With Ankara being such a staunch ally of Baku – Turkey was first in the world to recognize Azerbaijan’s independence in 1991 and it has since worked to bolster state independence through active and support – and in the light of long-standing fictions with Armenia, it is likely Turkish President Recep Tayyip Erdoğan will stand behind Azerbaijan come hell or high water.
Kia further noted, “With Armenia on a slippery economic slope, it could well be a conflict is imminent. Yerevan understands that Baku has gained the upper-hand both economically and militarily. Armenia might look to strike now, while it still can, to create a psychological deterrent. But again, this could prompt Azerbaijan to launch an all-out military intervention against its neighbour … with all the implications it entails.”
With thousands of Azerbaijanis standing in Armenia’s line of fire – media reports have confirmed that Armenia armed forces targeted Azerbaijani positions across four districts: Tovuz, Agstafa, Qazakh and Jabrayil on November 28 – many fear war has become inevitable.
Regional powder keg
As noted by Fariz Ismailzade almost a decade ago – 2005 – in a report for the Centre for World Dialogue, “As Caucasian countries, Azerbaijan and Armenia are part of a region that serves as a bridge between East and West, and between the territories of the former Soviet Union and the Islamic world. This causes many regional powers to be interested in the area, creating an unhealthy competition, often turning into a bitter rivalry, between them. As a result, the Nagorno-Karabakh conflict remains frozen and unresolved.”

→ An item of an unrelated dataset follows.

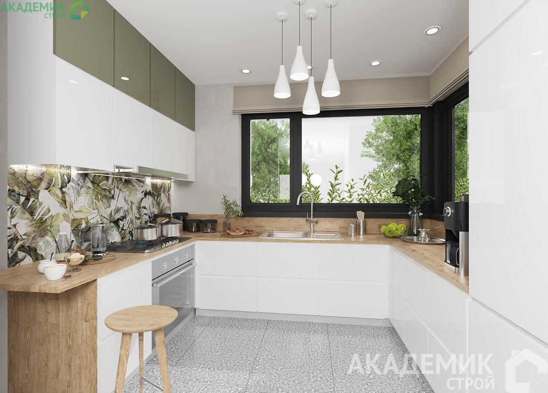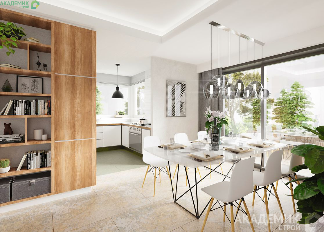 Высота здания составляет 8,32 метра, благодаря чему дом получился двухэтажным, но при этом достаточно стройным и элегантным. Комбинация классических архитектурных решений и современных технологий строительства создает комфортное и безопасное жилое пространство. Отдельной привлекательностью можно считать наличие камина – элемента, который не только украшает интерьер, но и создает уют в холодное время года.
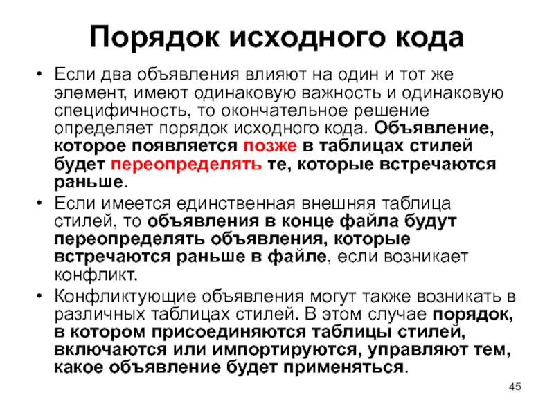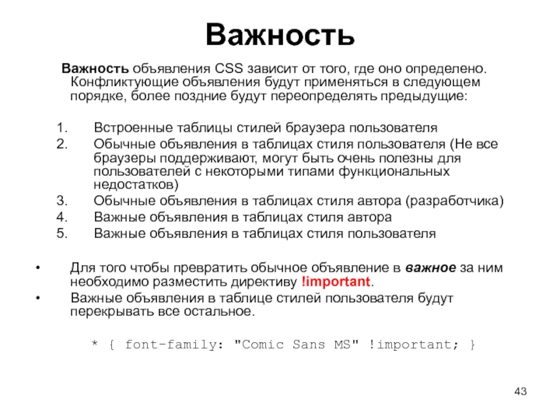 Слайд 43Важность Важность объявления CSS зависит от того, где оно определено. Конфликтующие объявления

To which he added, “As if this strategic geographic location were not enough, Azerbaijan also possesses vast oil and gas reserves. This has caused external powers such as the United States, China and the European Union, hungry for energy resources, to become involved in the region as well. There are at least seven major players in the geopolitical game over Nagorno-Karabakh: Russia, the United States, the European Union, Iran, Turkey, the Islamic world, and China. A closer look at the interests and actions of each of these players illustrates their role in the conflict and reveals the difficulties associated with finding a solution to it.”
Acutely aware of the dynamics which have moved the Caucasus region, Ismailzade’s assessment is as valid today as it was in 2005, notwithstanding the ever dangerous and ever-present risk regional ethnic and sectarian tensions represent.
In the light of developments in Syria, Iraq and renewed Taliban-related tensions in Afghanistan, Islamic radicals could attempt to play Armenia’s aggression toward Azerbaijan as a new platform for their Jihadist movement, adding a terror dimension to an already delicate situation.
As noted by Eldar Mamedov – political adviser for the social-democrats in the Foreign Affairs Committee of the European Parliament (EP) – “The unraveling of Iraq may have some interesting,
even alarming implications for the Caspian Basin state of Azerbaijan.”
He added, “There are two significant ways in which the disintegration of Iraq might pose security challenges to Azerbaijan. The first and most obvious is connected with the rise in Iraq of a Sunni jihadist movement, known as ISIS. This development, over time, could stoke sectarian tension in Azerbaijan, a country where, even though secularism remains a powerful force in society, religion is making a strong comeback.”
As Armenia and Azerbaijan’s hands remain on the trigger, it could well be the region stand to get caught in the cross-fire.